Minus 40 or lower. You figure out whether it matters if minus 40 is F or C. I heard they were in sneakers and jeans and thin coats in moderately deep snow. The miracle is the guy that survived after walking about 10 miles. I’ve been out in that weather in dead calm. It doesn’t take long for you to feel it, and a metal car is not a good shelter.
There’s a really interesting Jack London short story about a guy who falls through the ice to his waist in Alaska or the Yukon, and then struggles to get a fire going before his fingers go numb. The dog, meanwhile, is clever enough to stay out of reach so he can’t warm his hands in the dog by slicing open its guts.
When I see a movie like the original Superman where a now-powerless Christopher Reeves is walking down the Alaska Highway in a windbreaker, I know the scriptwriters have never experienced real cold.
Hypothermia kicks in at 95 F which isn’t much below 98.6 F.
In the case of snow, wet clothes, often from overexertion can accelerate the loss. Windchill adds to this, but it doesn’t take much to think that “just 5 more minutes” and you will be unstuck, find a house or…
By the time you reach 95 F lethargy and confusion is already kicked in and decision making just gets worse the colder your body gets. If you get much colder than 83 F the risk of heart attack goes way up and if your core gets below 68 F Brain function stops. Typically your will expire before anything but your exterior appendages suffer frost bite.
Most people aren’t told to look out for the 'umbles ( stumbles, mumbles, fumbles, and grumbles ) when out in the cold or don’t see it as a life threatening.
If you are out in the cold and notice them in yourself or another you have to stop then and there and take care of it or it will probably just be too late.
It isn’t painful but it is still terrifying. To make a long story short, my best friend and I decided to try to ride rapid floodwaters in the winter in a very small boat as a thrill. Then, we lost the boat and had to try to try to walk out of waist deep, very cold water for hours while losing function after function. The only reason we lived was because he kept lying to me telling me that he knew exactly where we were and help was just around the corner. Neither one of us could walk when we reached and edge and found a house with someone willing to help. He was completely incoherent by that point.
A very smart local college student here in Massachusetts decided to take a shortcut home in May last year through a local swamp late at night. He never made it because he got hypothermia and made poor decisions even though it was a fairly short walk. It took days and teams of people to find his body. He wasn’t even that far from home. I already knew what happened to him because I lived through it.
The coffee story is a bit of an exaggeration. It doesn’t freeeze instantly in the air even at -40 C (Yes, I have tried it and most of just ends up on the ground) Some of it will vaporize creating a nice effect for a youtube video but most of it will hit the ground still as a liquid and then freeze.
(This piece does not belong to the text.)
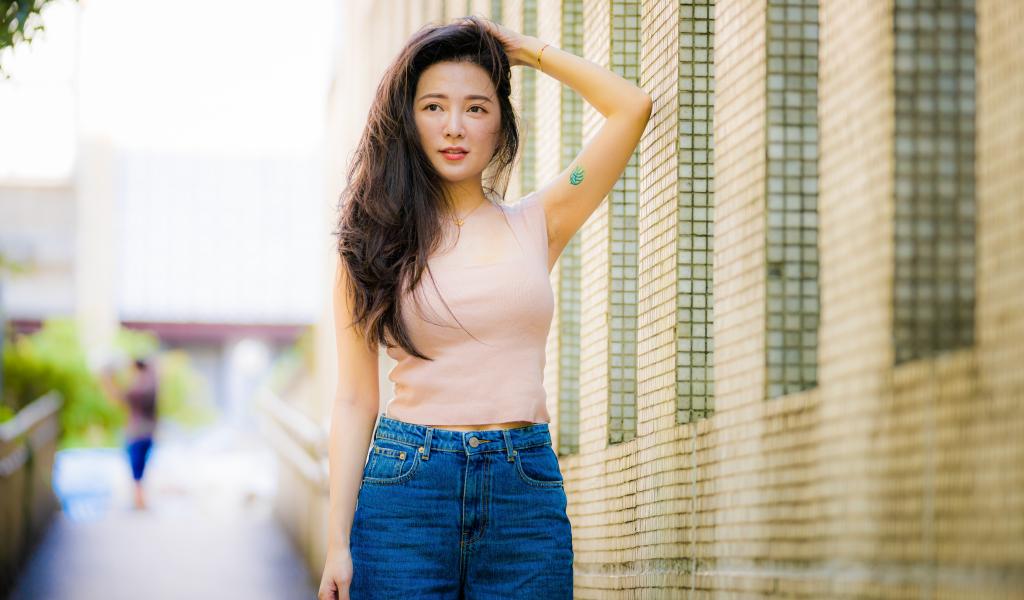Обои Молодая азиатка с длинными волосами в синих джинсах

Although in the case of that woman who was “frozen solid” in Minnesota in the 80s, I’m wondering was she literally frozen like a popsicle, or did her muscles just cramp up or something making her appear that way. Because it’s my understanding that the problem with actually freezing a person is that the human body is mostly water. And water, when frozen, expands and forms ice crystals which damage tissue at a cellular level. Basically that’s how you get frostbite.
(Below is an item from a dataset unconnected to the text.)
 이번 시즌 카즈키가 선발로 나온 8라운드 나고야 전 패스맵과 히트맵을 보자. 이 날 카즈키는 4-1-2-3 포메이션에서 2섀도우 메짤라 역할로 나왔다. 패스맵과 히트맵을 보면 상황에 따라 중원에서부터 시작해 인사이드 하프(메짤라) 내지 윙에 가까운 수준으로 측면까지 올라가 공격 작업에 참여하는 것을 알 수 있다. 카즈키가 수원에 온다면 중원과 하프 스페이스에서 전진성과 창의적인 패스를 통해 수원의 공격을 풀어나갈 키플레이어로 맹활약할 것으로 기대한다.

They say freezing to death is just like falling asleep…in a meat locker.
During the crazy heat of summer, before I had an a/c, or even nowadays when I’m in the neighborhood, I would head for a meat distributor–one of the last in the Meatpacking District in NYC–and hang out in their huge walk through, changing aisles when I got bored.
My parents mentioned going to a movie theatre – most of them were air conditioned (or air cooled) long before other places, and you could stay for hours. Some even operated qall night, so people would actually sleep in them.
The body shuts down circulation to the extremities, to preserve heat for the vital functions (heart & brain). So they may survive, if rescued in time, but lose many fingers, toes, hands, etc. to severe frostbite.
Also, all such medical info is a statistical summary of what happens on average. There are always exceptions to that – some people who survive despite freezing conditions, and others who succumb in moderate conditions. Doctors always go with the odds, but hope that their patient beats 'em this time.